Thermal-oxidative growth of aligned W18O49 nanowire arrays for high performance gas sensor

Abstract

Gas sensors based on aligned arrays of W18O49 nanowires were formed directly via a novel route of in situ thermal oxidation of sputtered W film on the substrate attached patterned Pt electrodes. The well-developed nanowires have diameter of 10–20nm and show roughly aligned morphology. It is found that the duration of oxygen exposure during thermal annealing plays a crucial role to harvest a pure phase of W18O49 nanowire with desired length. The roughly aligned W18O49 nanowires show favourable microstructure for gas adsorption and rapid gas diffusion.

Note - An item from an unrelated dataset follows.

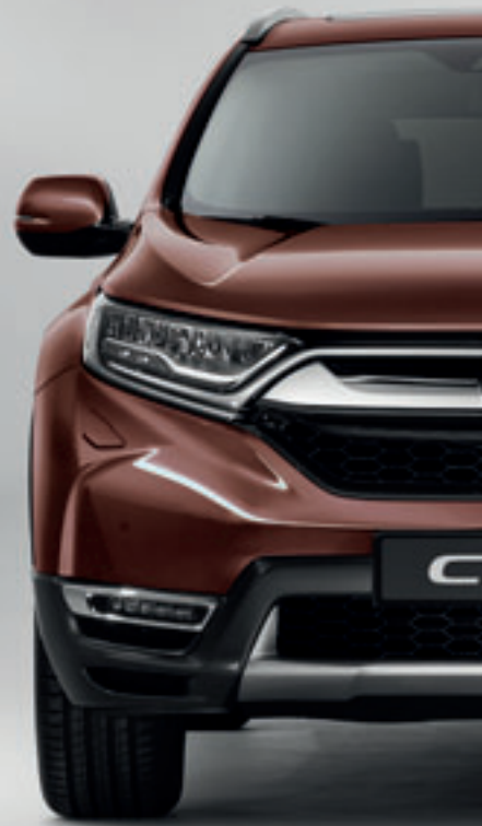
PREMIUM AGATE BROWN PEARL

The NO2-sensing properties of aligned W18O49 nanowires sensor were evaluated at 50°C up to 200°C over NO2 concentration ranging from 250ppb to 2.5ppm. The results indicate that the W18O49 nanowire arrays sensor exhibits good NO2-sensing performances at its optimal operating temperature of 150°C, especially perfect stability and fast response–recovery characteristics. The reliable interface performance and fast gas adsorption–desorption properties of the directly assembled vertically aligned nanowire array attribute to the superior stability and quick response/recovery. The growth mechanism of aligned W18O49 nanowires is proposed based on the direct SEM observations on the intermediate products, and meanwhile the sensing mechanism of the corresponding sensor is analyzed.